The third limitation is the 52-week follow-up period after the switch. This is an important timeframe, but obesity typically requires long-term management. Data on longer-term use, real-world practice, adherence, cost, availability, and impact on cardiovascular outcomes are needed.

The fourth limitation relates to funding and the manufacturer's involvement. The article states that the study was funded by Eli Lilly and Company, and the sponsor participated in the design, data collection, analysis, interpretation, and writing of the report.

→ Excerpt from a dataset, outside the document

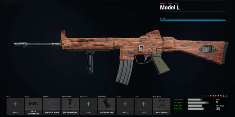 Another gun that is an absolute laser beam just like the XM4, the Model L can be extremely powerful without using a massive amount of attachments, however, we will add extra suggestions for if you are to use it with the Gunfighter Wildcard.
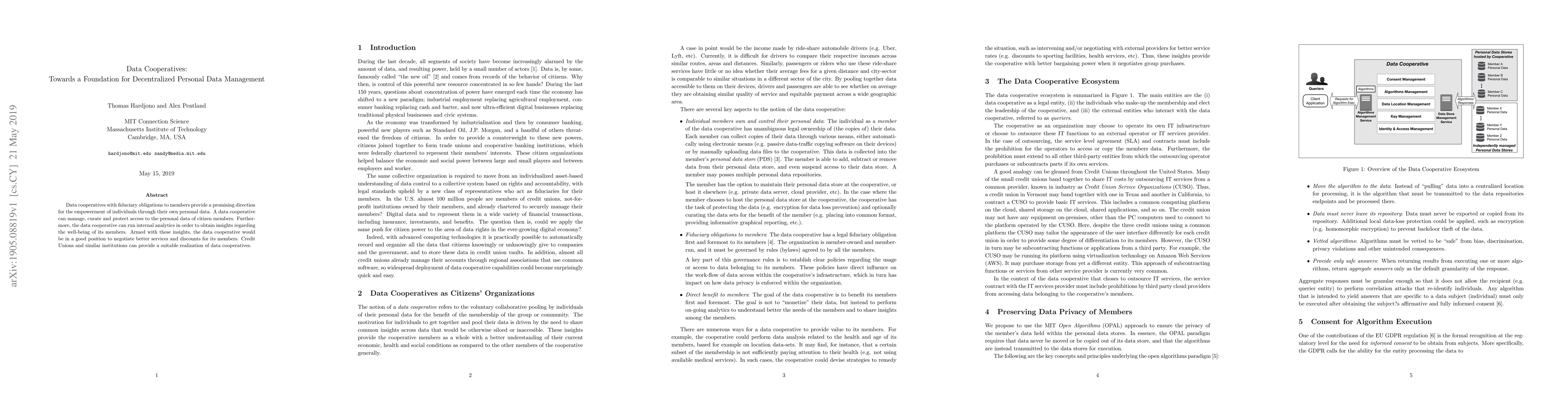 Data cooperatives with fiduciary obligations to members provide a promising direction for the empowerment of individuals through their own personal data. A data cooperative can manage, curate and protect access to the personal data of citizen members. Furthermore, the data cooperative can run internal analytics in order to obtain insights regarding the well-being of its members. Armed with these insights, the data cooperative would be in a good position to negotiate better services and discounts for its members. Credit Unions and similar institutions can provide a suitable realization of data cooperatives.

This does not invalidate the results, but it requires a transparent interpretation and independent confirmation in further studies.

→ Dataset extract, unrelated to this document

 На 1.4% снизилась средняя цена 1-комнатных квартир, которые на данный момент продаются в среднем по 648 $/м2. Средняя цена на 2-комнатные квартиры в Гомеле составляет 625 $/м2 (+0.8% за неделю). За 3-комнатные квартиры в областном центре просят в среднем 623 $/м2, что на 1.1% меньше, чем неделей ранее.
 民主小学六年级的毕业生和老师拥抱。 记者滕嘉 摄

Limitation	Why is it important?
Participants had already lost weight with injections.	This is not a study of initiating therapy in all patients.
The comparison was with placebo.	There is no direct answer as to whether switching is better than continuing injections.
52 weeks of observation	More long-term data is needed
The manufacturer funded the study.	Transparency and independent verification are required.
The study was conducted in the United States.	Actual availability and practices may vary in other countries.

Brief conclusion

The ATTAIN-MAINTAIN study shows that daily oral orforglipron helped maintain a significant portion of weight loss after 72 weeks of treatment with tirzepatide or semaglutide. After tirzepatide, participants on orforglipron retained approximately 75% of their previous weight loss, and after semaglutide, approximately 79%, while retention was significantly lower in the placebo groups.

The main point of this news isn't that there's an "easy pill instead of injections," but that obesity is increasingly being viewed as a chronic disease, where not only the initial weight loss phase is important, but also long-term maintenance. Orforglipron may be a convenient maintenance therapy option for some patients, but it should only be used as prescribed by a doctor, taking into account contraindications, tolerability, and the overall treatment strategy.

News source: Louis J. Aronne, Deborah B. Horn, Carel W. le Roux, et al. Orforglipron for maintenance of body weight reduction: the double-blind, randomized phase 3b ATTAIN-MAINTAIN trial. Nature Medicine, published May 13, 2026. DOI: 10.1038/s41591-026-04386-7.